Looks like things are not as simple as I thought. I now can convert the input file to UTF-8 code in a roundabout way. I first open the input file and then encode the content of it to UTF-8 and then output to a new file and then open the new file for further processing. This is the code:

open my $filter,'<:encoding(gb2312)','c:/outfile.txt'; 
open my $filter_new, '+>:utf8', 'c:/outfile_new.txt'; 
print $filter_new $_ while <$filter>; 
while (<$filter_new>){
...
} 

But this is too much work and it is even more troublesome than simply encode the content of $filter line by line.

2
Whenever you mention a warning message in a question, include the warning message in the question. :)brian d foy
@brian, thanks for the suggestion.Mike
It's best to use the exact warning message :) So, with that warning, you need to check the result of your open (which you should always do anyway).brian d foy
Too much work? That looks pretty straightforward and doable with a couple of lines of code. Wrap that in a subroutine and you're done. I'm not sure why you opened one file with '+>' though.brian d foy
well, you need to seek to the beginning if you want to read itbrian d foy

2 Answers

5
votes

I think I misunderstood your question. I think what you want to do is read a file in a non-UTF-8 encoding, then play with the data as UTF-8 in your program. That's something much easier. After you read the data with the right encoding, Perl represents it internally as UTF-8. So, just do what you have to do.

When you write it back out, use whatever encoding you want to save it as. However, you don't have to put it back in a file to use it.


old answer

The Perl I/O layers only read the data assuming it's already properly encoded. It's not going to convert encoding for you. By telling open to use utf8, you're telling it that it already is utf8.

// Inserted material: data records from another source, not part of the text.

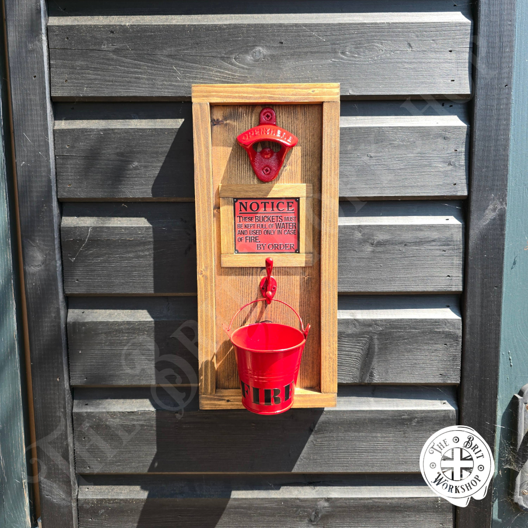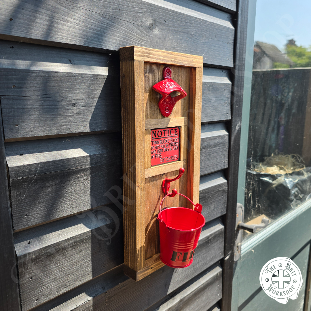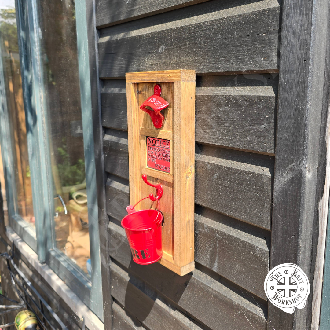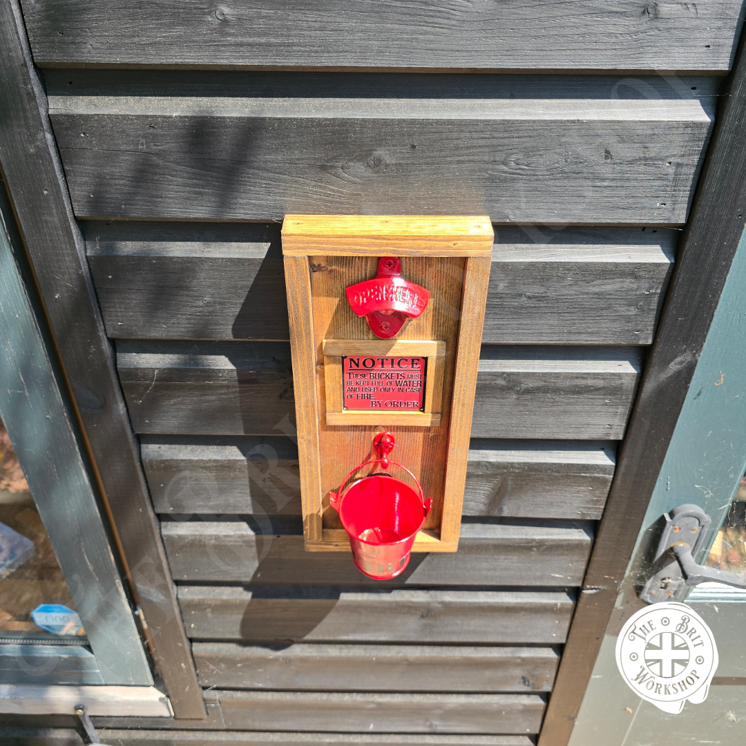 Fire bucket rustic wall mounted bottle opener
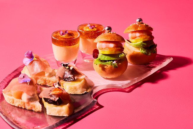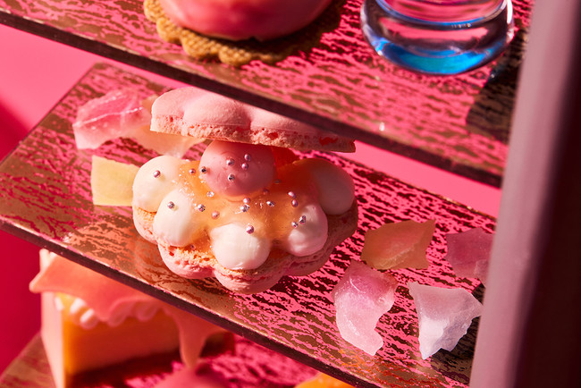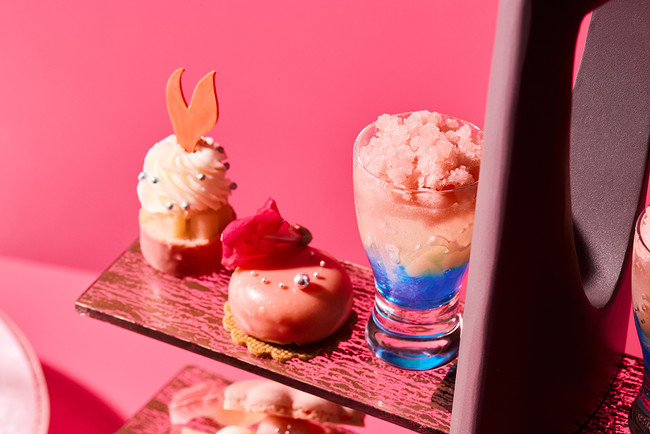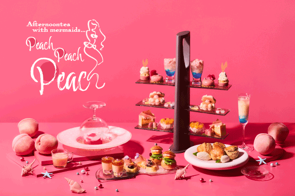 この季節に旬を迎える桃を使用して、楽しげなマーメイドたちのティーパーティーを表現しました。8種のスイーツとカナッペやプティバーガーなどのセイボリー、「クリームチーズ」と「桃とラズベリーのジャム」の2種のソースでいただくスコーンなどをお召し上がりいただけるアフタヌーンティーです。
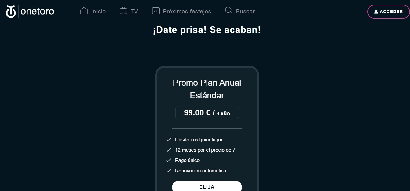OneToro ofrece una venta rápida o flash de 1.000 abonos anuales a un precio de 99,00 euros. Más barato que la cuota actual de los miembros de la plataforma... ¡Mal! Quien tiene derecho a descuento es el abonado antiguo. Los abonados nuevos a 99,00 euros "reciben" esta promoción gracias a los que pagan el abono desde el principio.

You have to use the Encode module just as you've shown (unless you want to write your own I/O layer). You can convert bytes to UTF-8, or if you know the encoding, you can convert from one encoding to another. Since it looks like you already know the encoding, you might want the from_to() function.

If you're just starting out with Perl and Unicode, go through Juerd's Perl Unicode Advice before you do anything.

4
votes

The :encoding layer will return UTF-8, suitable for perl's use. That is, perl will recognize each character as a character, even if they are multiple bytes. Depending on what you are going to do next with the data, this may be adequate.

But if you are doing something with the data where perl will try to downgrade it from utf8, you either need to tell perl not to (for instance, doing a binmode(STDOUT, ":utf8") to tell perl that output to stdout should be utf8), or you need to have perl treat your utf8 as binary data (interpreting each byte separately, and knowing nothing about the utf8 characters.)

To do that, all you need is to apply an additional layer to your open:

open my $foo, "<:encoding(gb2312):bytes", ...;

Note that the output of the following will be the same:

perl -we'open my $foo, "<:encoding(gb2312):bytes", "foo"; $bar = <$foo>; print $bar'
perl -CO -we'open my $foo, "<:encoding(gb2312)", "foo"; $bar = <$foo>; print $bar'

but in one case, perl knows that data read is utf8 (and so length($bar) will report the number of utf8 characters) and has to be explicitly told (by -CO) that STDOUT will accept utf8, and in the other, perl makes no assumptions about the data (and so length($bar) will report the number of bytes), and just prints it out as is.